The simplest reasons Judge Alsup dismissed the case have to do with the consequences of any potential damage award to society and the defendant. They also involve a determination by the court as to whether the harm experienced by the plaintiffs from the defendant’s actions is greater than anyone should be required to bear without compensation.

​Alsup termed the plaintiff’s legal theory breathtaking in its sweep, as it included the sale of fossil fuels anywhere in the world, including all past and otherwise lawful sales, where the seller knew that the[ir] combustion…contributed to…global warming.

For the climate-tort cases, like many things in this life, size can matter. Consider the amount of money the oil companies would be obligated to pay just in California for the damages wrought by rising seas[iii].

Rising tides not only lift all boats they inundate a lot of lands and destroy essential infrastructures. Crumbled highways, submerged office buildings, and homes leading to insurance claims and lost tax revenues, health epidemics from waterborne disease are all part and parcel of global warming.

A ruling in the case would not be limited only to the named plaintiffs and defendants. A finding for the plaintiffs would throw open the door to hundreds, likely thousands, of lawsuits. Cases not merely against the oil companies but any entity that supplied fossil fuels with knowledge of the problem, i.e., the contribution of carbon emissions to global warming. An expanded class of defendants could include home heating companies, the local gas station, industrial users of coal or petroleum-based chemicals, and any number of others in the economic value chain.

Damage awards in nuisance cases do not automatically follow a finding of tortious conduct by the plaintiff(s). Several factors need to be considered. For example, the court must decide whether it is unreasonable for the defendant to engage in the conduct without paying for the harm done. It is also incumbent upon the court to consider “[i]f imposition of this financial burden [damage awards] would make continuation of the activity not feasible.” 

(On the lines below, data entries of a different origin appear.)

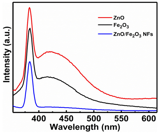 Although the BET surface area of a photocatalyst has been considered as an important factor in determining its photocatalytic activity, the separation efficiency of electron-hole pairs of the composite photocatalyst used in the research is always the key factor. Normally, the PL is recognized as an effective approach to obtain valuable information about the migration and recombination efficiency of the photo-generated electron-hole pairs, as the recombination of excited electrons and holes in a semiconductor is responsible for its PL emission [45,46,47]. The observation of stronger PL intensity indicates a greater prevalence of electron-hole recombination, while an increase in electron-hole recombination will decrease the concentrations of reductant/oxidant and dye degradation rate meanwhile. Figure 8 illustrates the RT PL emission spectra of the as-fabricated samples at an excitation wavelength of 300 nm. As is evident, the bare ZnO and Fe2O3 both show sharp UV emission peaks mainly located at 370 nm and broad visible emission peaks with the wavelength range from 400 to 550 nm, while the ZnO/Fe2O3 NFs just demonstrate a sharp UV emission peak centered at ~390 nm. The sharp UV emission peaks are normally associated with the band-edge emission resulting from the recombination of free excitons [48,49]. The generation of wide emission peaks in the visible-light area is generally attributed to the defects of metal atoms and oxygen vacancies during the crystal growing process [50,51]. The PL intensity of ZnO/Fe2O3 NFs is even lower than that of pure ZnO and Fe2O3, which definitely supports one fact that the recombination of photo-generated charge carriers is significantly inhibited for the case of ZnO/Fe2O3 NFs.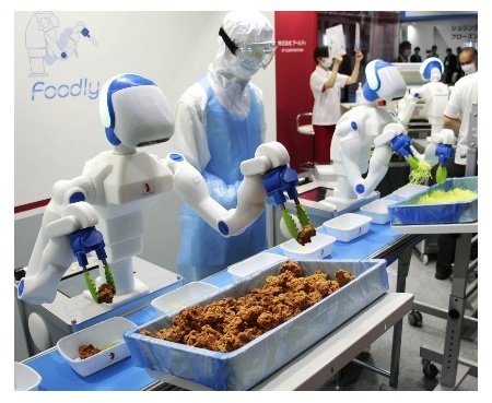 5. 愛知県常滑市で食品製造技術の展示会が開かれ、総菜を弁当に詰めるロボットが紹介された(2021年6月1日)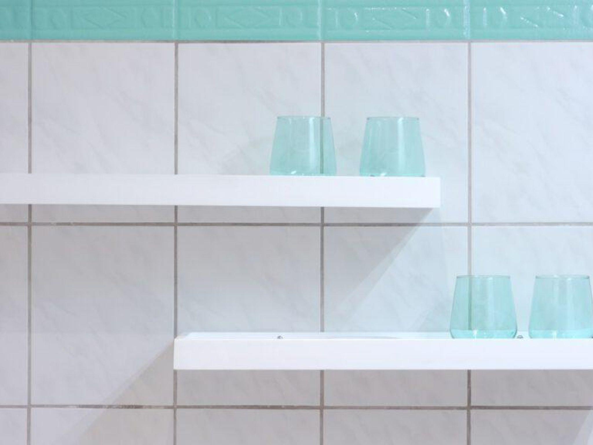 Toaster, Wasserkocher, Geschirrspülmaschine, Geschirr für 4 Personen, Nespresso-Maschine, Kaffeefiltermaschine.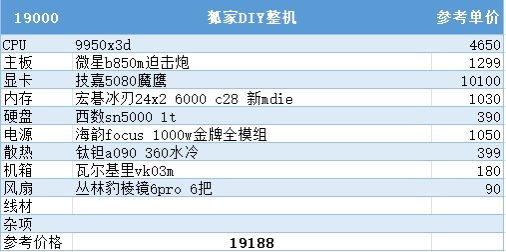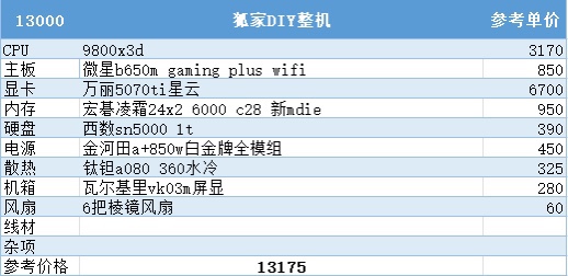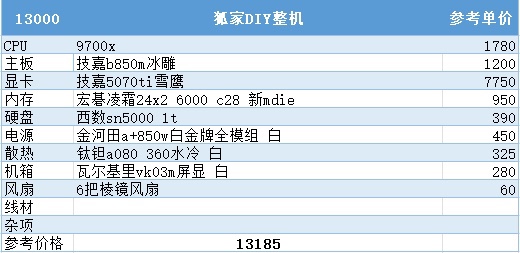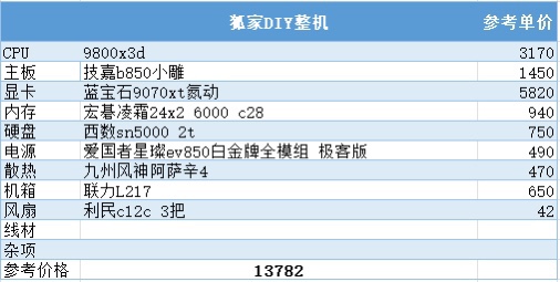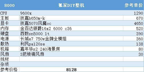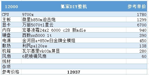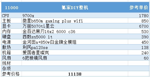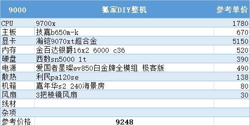 9000元就可以享受到无敌的9700x加9070xt组合了,通杀4k,电源方面注意不要选错了要选极客版,这个版本多一个供电口可以不用一拖二,对于对供电要求很高的9070xt来说还是很关键的。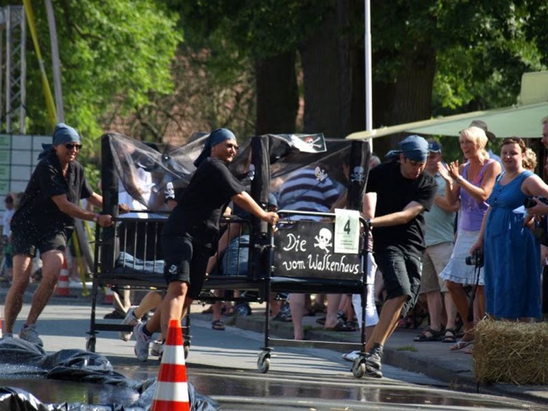 Fotoalben » Personal / Mitarbeiterteam » Mitarbeiterfeiern / -veranstaltungen (Beispiele) » Bettenrennen Mantinghausen Auch beim Bettenrennen in Mantinghausen konnte sich das Walkenhaus-Team sehen lassen.

Judge Alsup pointed out that the sale of fossil fuels is lawful in every nation on earth. The companies were not being charged with unethical sales practices but of selling something they know to be harmful to the health and welfare of the nation’s people and environment.

In rendering his decision, Alsup considered whether the sale of fossil fuels was without value both to the plaintiffs and the society at large or whether it benefited the plaintiffs and the rest of society:

…against that negative, we must weigh this positive: our industrial revolution and the development of our modern world has literally been fueled by oil and coal. Without those fuels, virtually all of our monumental progress would have been impossible.  All of us have benefited.

The negative he is speaking of is global climate change. Unlike a certain unnamed president and his many minions, Alsup was interested in understanding the science behind the claims that global warming is caused by human action and of potentially cataclysmic consequences.

Oakland v BP will forever be remembered as the first time the causes and consequences of climate change were called into evidence by a US court of law. Before rendering his decision in the case, Judge Alsup ordered the parties—both the oil companies and the city of Oakland and the State of California—to tutor him on climate change.

Alsup was calling for a sweeping view of the evidence behind the plaintiff’s claim that climate-scientists are as sure as one can reasonably be about nature of global warming—who’s causing it and what consequences can be expected. Over the course of the tutorial, the classic climate defenders’ arguments were presented as facts. When I say classic, I am speaking of what Dr. Hansen predicted 30 years ago before a Congressional and what he is saying today.

Perhaps, to everyone’s surprise, the oil company defendants agreed with Oakland’s attorneys—with little or no hesitation.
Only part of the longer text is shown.